----- DATA TO PROCESS

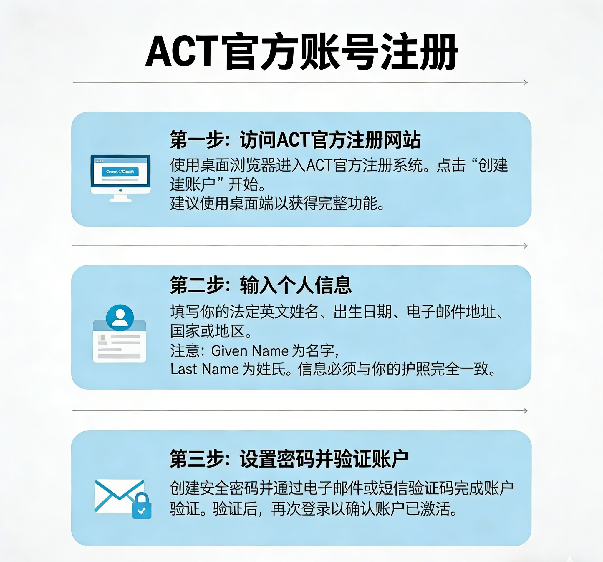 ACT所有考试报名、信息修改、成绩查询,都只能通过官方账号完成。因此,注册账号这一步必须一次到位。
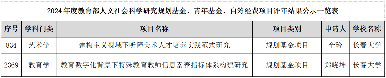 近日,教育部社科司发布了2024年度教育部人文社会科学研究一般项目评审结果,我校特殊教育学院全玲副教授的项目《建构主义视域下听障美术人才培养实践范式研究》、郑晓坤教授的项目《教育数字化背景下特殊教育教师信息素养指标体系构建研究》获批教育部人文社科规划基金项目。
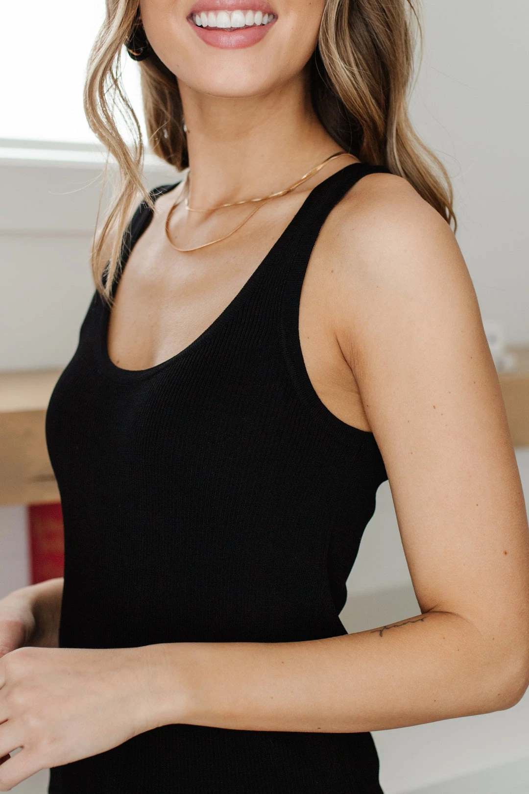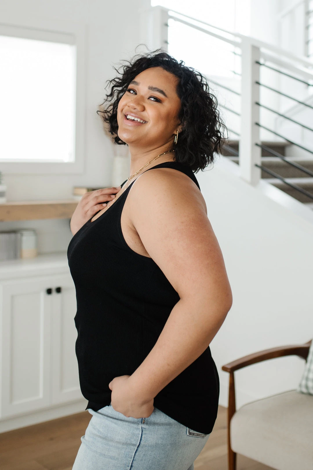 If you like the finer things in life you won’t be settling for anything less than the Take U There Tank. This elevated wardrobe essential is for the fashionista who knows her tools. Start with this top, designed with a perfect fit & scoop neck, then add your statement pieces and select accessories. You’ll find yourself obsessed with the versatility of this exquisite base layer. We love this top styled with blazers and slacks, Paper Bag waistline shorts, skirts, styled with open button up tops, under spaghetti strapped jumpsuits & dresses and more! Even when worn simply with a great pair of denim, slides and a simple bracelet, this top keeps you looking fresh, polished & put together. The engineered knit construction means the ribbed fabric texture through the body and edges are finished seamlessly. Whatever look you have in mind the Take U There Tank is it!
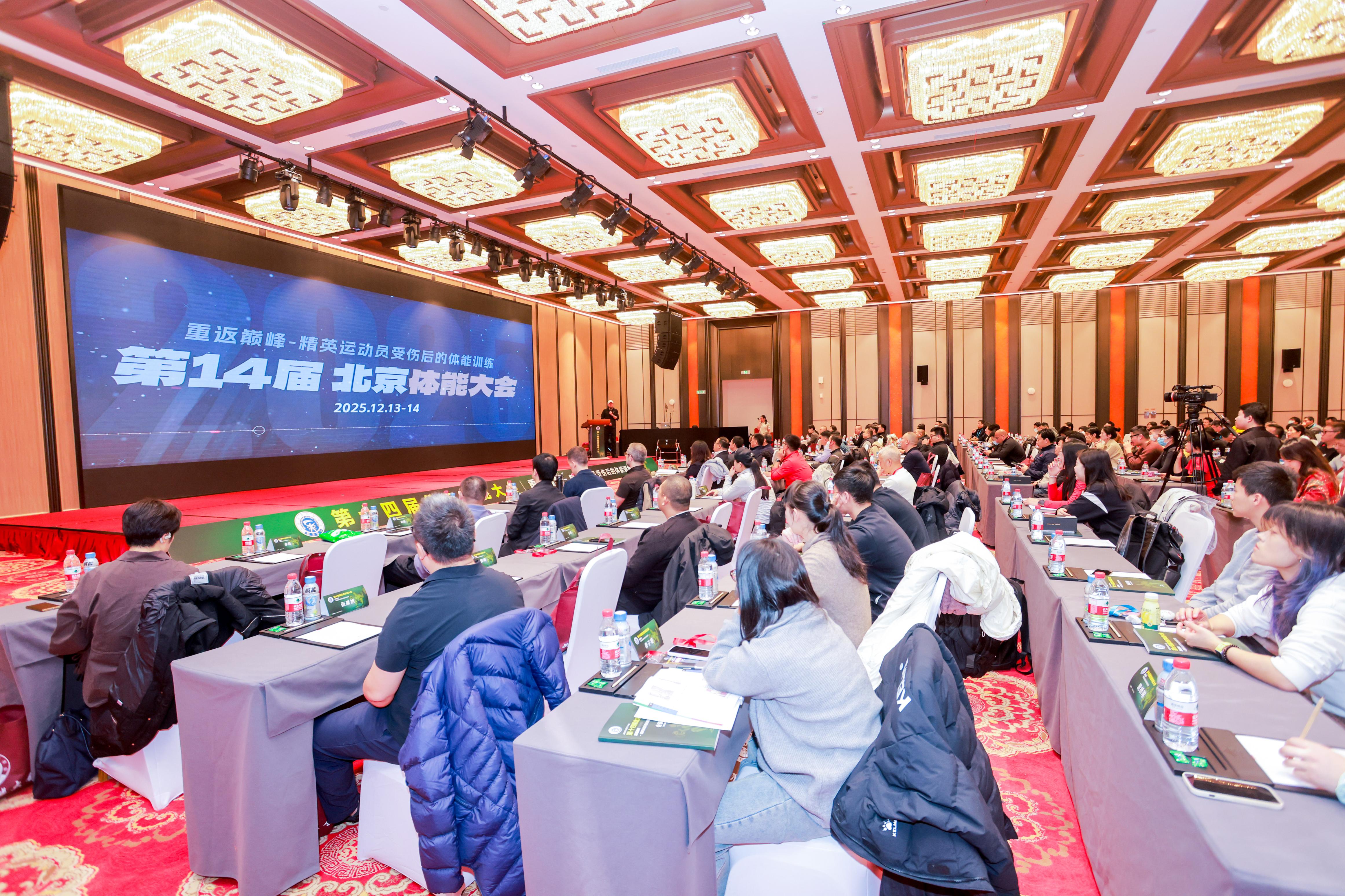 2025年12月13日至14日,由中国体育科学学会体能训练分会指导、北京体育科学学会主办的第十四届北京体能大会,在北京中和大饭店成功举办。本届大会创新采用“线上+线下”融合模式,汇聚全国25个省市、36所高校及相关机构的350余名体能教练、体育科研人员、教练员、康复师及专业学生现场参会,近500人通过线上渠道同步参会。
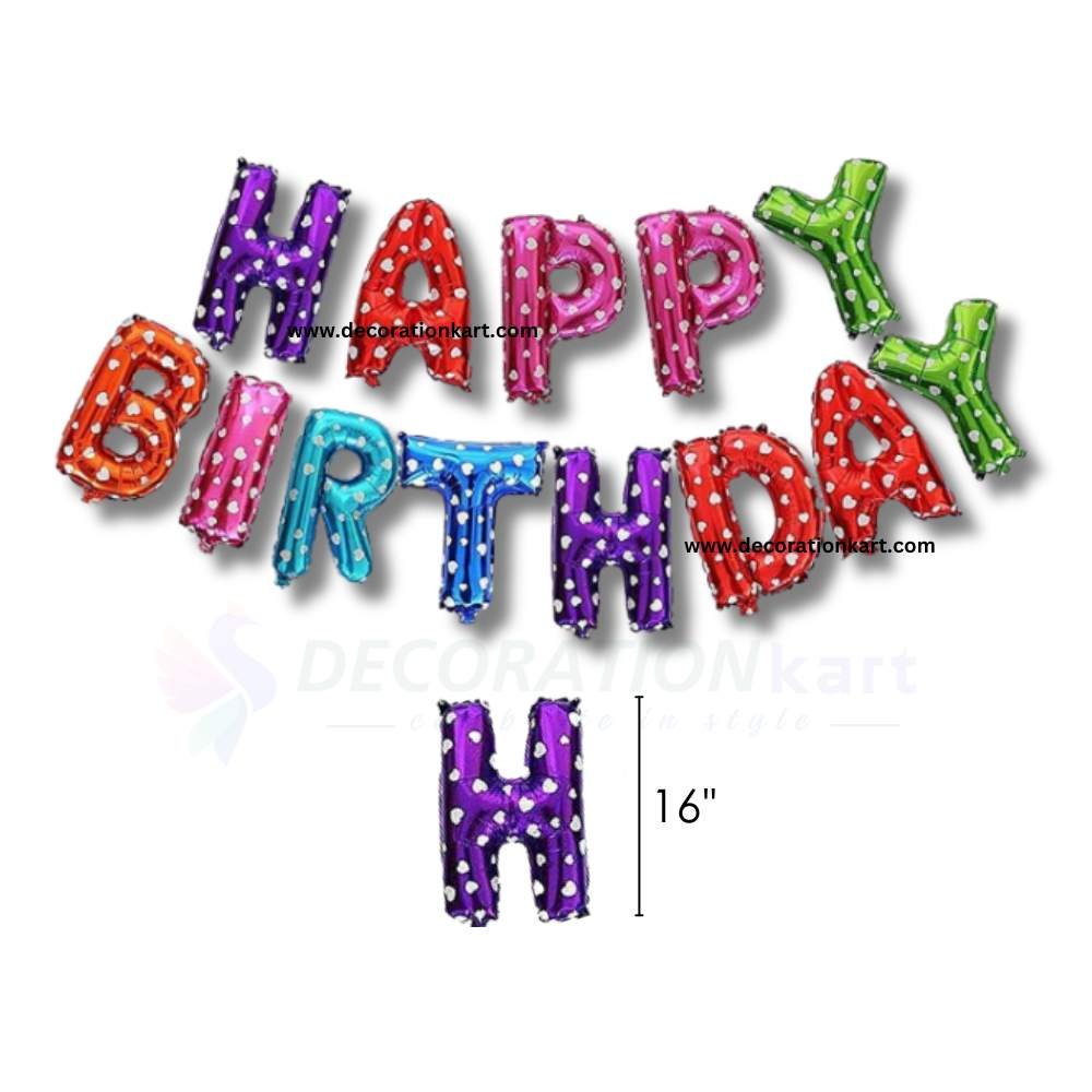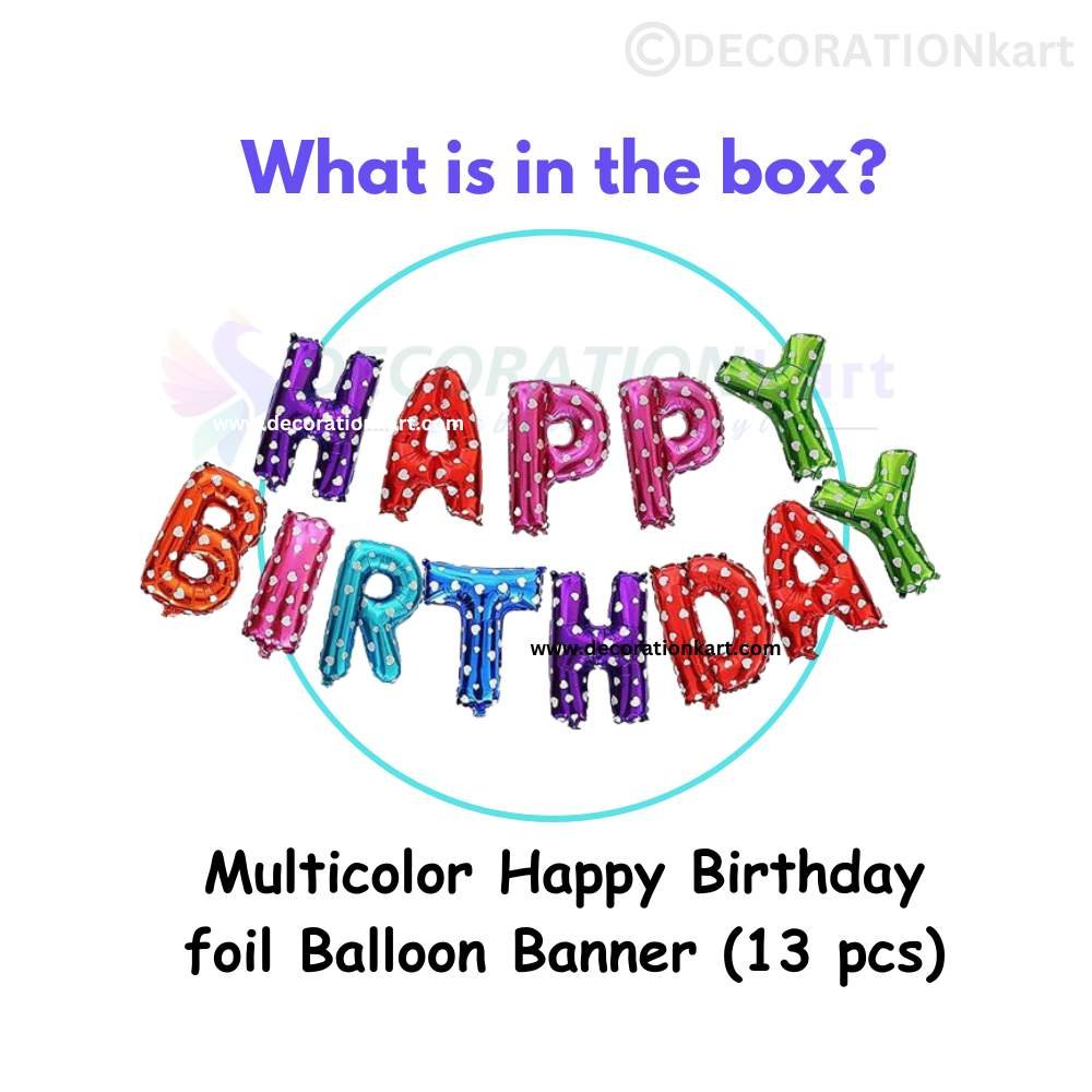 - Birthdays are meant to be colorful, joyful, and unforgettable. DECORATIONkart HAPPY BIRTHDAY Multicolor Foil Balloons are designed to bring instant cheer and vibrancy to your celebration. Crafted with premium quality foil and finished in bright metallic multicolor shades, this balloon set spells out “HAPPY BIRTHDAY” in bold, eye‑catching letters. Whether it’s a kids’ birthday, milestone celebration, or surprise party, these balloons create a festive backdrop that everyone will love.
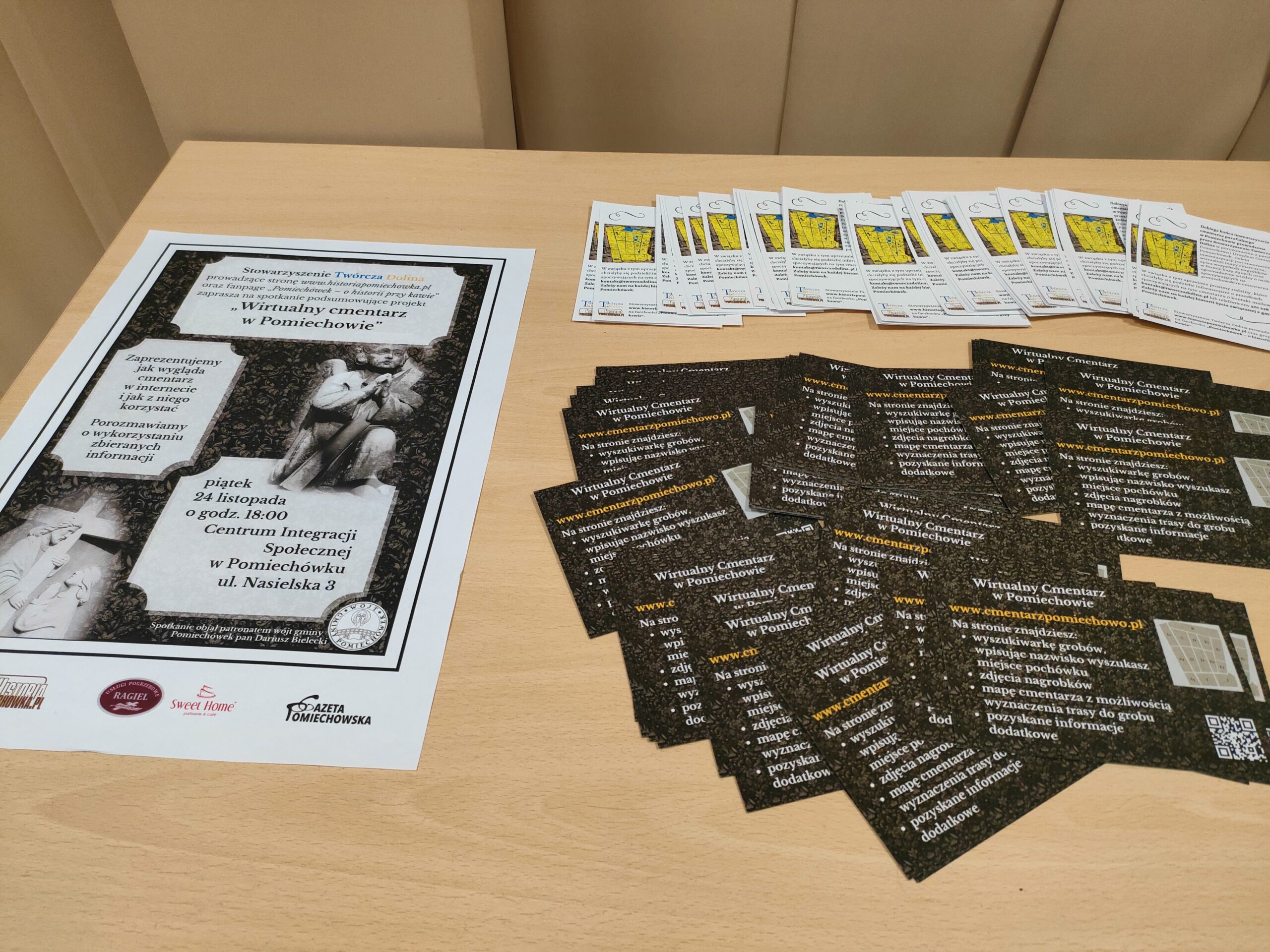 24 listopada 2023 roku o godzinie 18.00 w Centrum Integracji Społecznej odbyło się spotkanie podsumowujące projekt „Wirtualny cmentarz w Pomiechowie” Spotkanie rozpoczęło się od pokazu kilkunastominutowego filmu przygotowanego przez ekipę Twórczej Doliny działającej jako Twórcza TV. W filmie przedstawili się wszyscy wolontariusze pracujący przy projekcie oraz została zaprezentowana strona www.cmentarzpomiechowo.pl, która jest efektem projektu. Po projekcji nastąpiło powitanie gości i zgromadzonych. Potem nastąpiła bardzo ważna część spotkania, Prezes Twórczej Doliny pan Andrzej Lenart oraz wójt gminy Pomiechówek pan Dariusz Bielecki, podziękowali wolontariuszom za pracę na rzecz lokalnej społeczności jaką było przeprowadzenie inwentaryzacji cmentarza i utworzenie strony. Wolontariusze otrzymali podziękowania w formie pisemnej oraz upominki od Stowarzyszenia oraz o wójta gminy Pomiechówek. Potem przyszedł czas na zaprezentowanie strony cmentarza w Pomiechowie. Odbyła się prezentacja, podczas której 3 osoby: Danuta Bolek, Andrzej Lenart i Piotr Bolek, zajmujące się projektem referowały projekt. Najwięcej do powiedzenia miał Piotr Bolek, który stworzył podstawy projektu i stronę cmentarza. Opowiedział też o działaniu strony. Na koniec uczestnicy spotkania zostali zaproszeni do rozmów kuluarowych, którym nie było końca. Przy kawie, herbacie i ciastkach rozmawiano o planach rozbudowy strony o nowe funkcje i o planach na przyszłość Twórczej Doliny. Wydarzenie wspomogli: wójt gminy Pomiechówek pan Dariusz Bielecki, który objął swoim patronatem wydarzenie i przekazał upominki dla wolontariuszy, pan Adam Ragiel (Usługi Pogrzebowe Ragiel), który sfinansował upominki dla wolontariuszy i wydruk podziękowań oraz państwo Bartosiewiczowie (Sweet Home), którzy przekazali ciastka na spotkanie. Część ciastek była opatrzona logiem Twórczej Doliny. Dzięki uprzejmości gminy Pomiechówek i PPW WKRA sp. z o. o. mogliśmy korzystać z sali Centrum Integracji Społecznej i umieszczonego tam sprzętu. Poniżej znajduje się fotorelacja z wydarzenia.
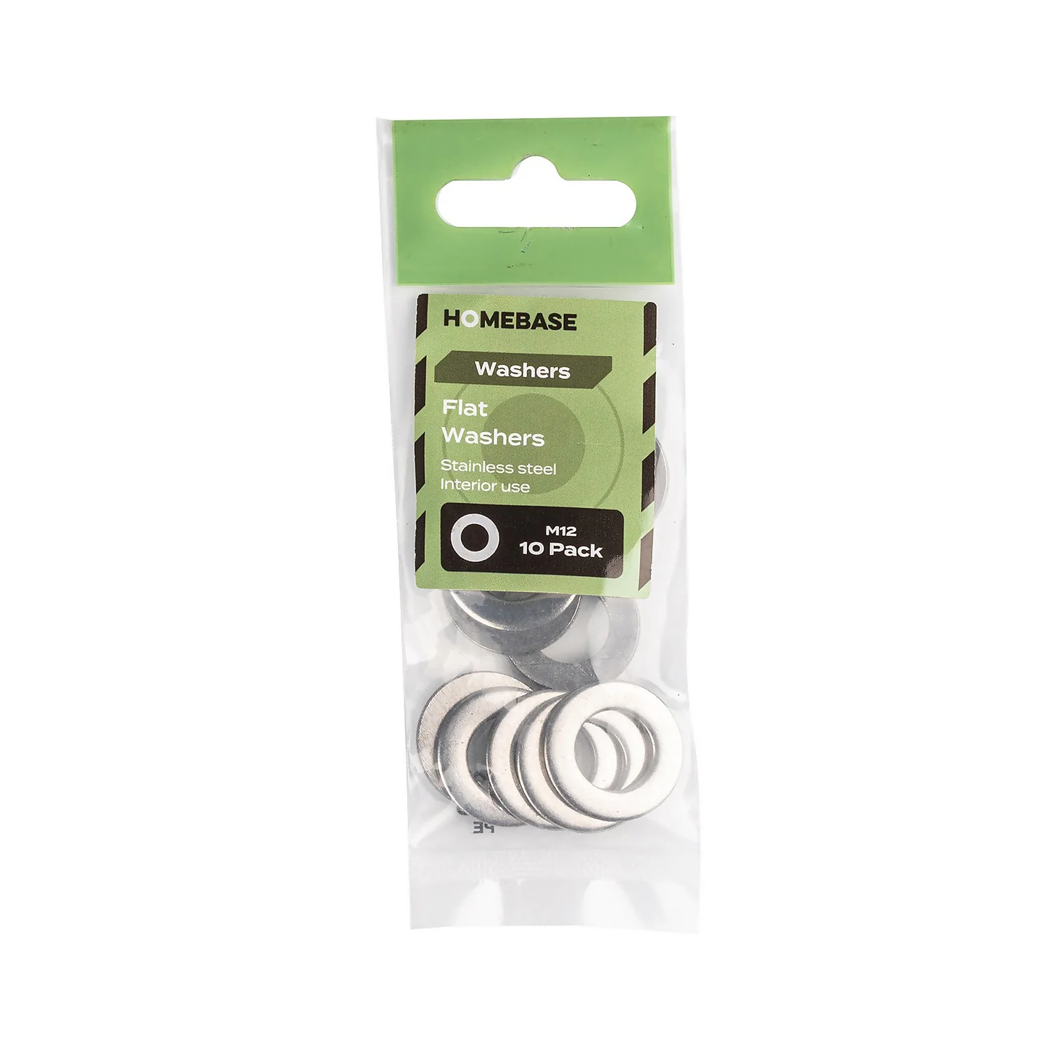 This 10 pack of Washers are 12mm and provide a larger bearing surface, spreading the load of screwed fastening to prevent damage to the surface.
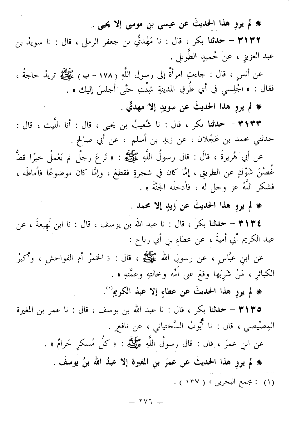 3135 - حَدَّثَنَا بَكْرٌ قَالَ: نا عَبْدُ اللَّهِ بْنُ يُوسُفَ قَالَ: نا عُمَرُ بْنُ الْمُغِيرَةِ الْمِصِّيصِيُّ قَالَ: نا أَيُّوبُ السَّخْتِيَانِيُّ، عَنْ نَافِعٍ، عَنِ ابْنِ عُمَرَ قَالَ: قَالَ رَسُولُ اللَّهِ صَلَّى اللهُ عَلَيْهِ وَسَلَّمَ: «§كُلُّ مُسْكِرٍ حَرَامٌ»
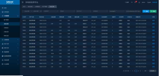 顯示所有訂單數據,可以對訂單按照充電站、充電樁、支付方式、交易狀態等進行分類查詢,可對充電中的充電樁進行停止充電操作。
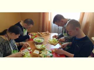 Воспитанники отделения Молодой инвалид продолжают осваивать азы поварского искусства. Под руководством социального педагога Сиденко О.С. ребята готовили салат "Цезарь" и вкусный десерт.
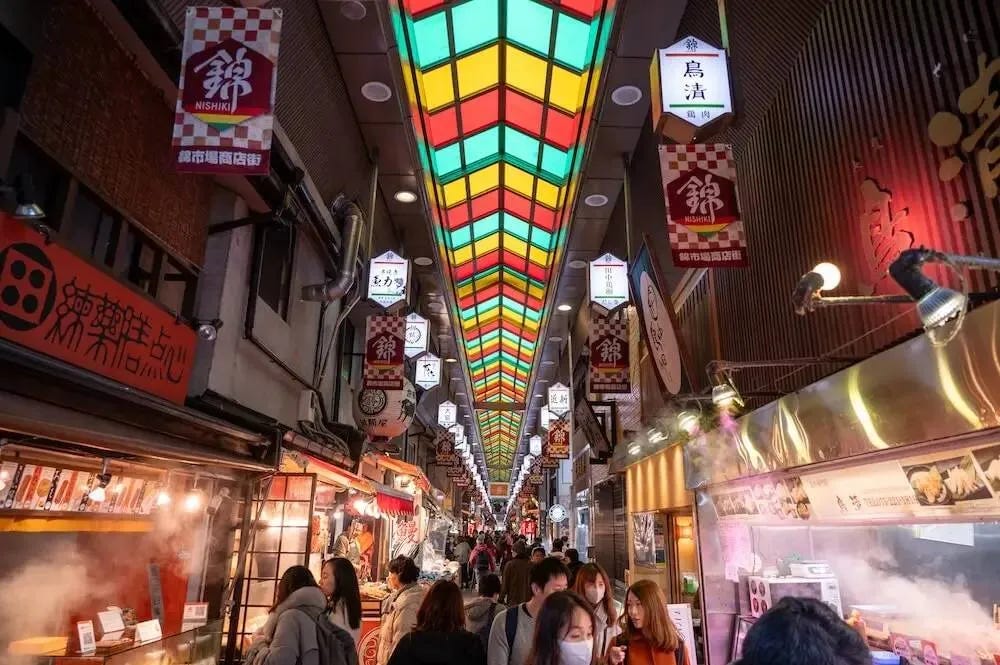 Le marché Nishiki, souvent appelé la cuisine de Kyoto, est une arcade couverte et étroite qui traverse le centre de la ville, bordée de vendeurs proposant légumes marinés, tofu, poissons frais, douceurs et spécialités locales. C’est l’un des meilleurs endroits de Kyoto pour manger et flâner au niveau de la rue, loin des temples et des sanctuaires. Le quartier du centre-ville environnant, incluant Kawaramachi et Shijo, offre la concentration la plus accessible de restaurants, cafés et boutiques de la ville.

----------

- ACTIVITY: Working from the entries above, reproduce exactly and only the lines beginning with the line that has "3135 - حَدَّثَنَا" and ending with the line that has "顯示所有訂單數據,可以對訂單"; omit all pictures.

- WRITTEN SOLUTION:
 3135 - حَدَّثَنَا بَكْرٌ قَالَ: نا عَبْدُ اللَّهِ بْنُ يُوسُفَ قَالَ: نا عُمَرُ بْنُ الْمُغِيرَةِ الْمِصِّيصِيُّ قَالَ: نا أَيُّوبُ السَّخْتِيَانِيُّ، عَنْ نَافِعٍ، عَنِ ابْنِ عُمَرَ قَالَ: قَالَ رَسُولُ اللَّهِ صَلَّى اللهُ عَلَيْهِ وَسَلَّمَ: «§كُلُّ مُسْكِرٍ حَرَامٌ»
 顯示所有訂單數據,可以對訂單按照充電站、充電樁、支付方式、交易狀態等進行分類查詢,可對充電中的充電樁進行停止充電操作。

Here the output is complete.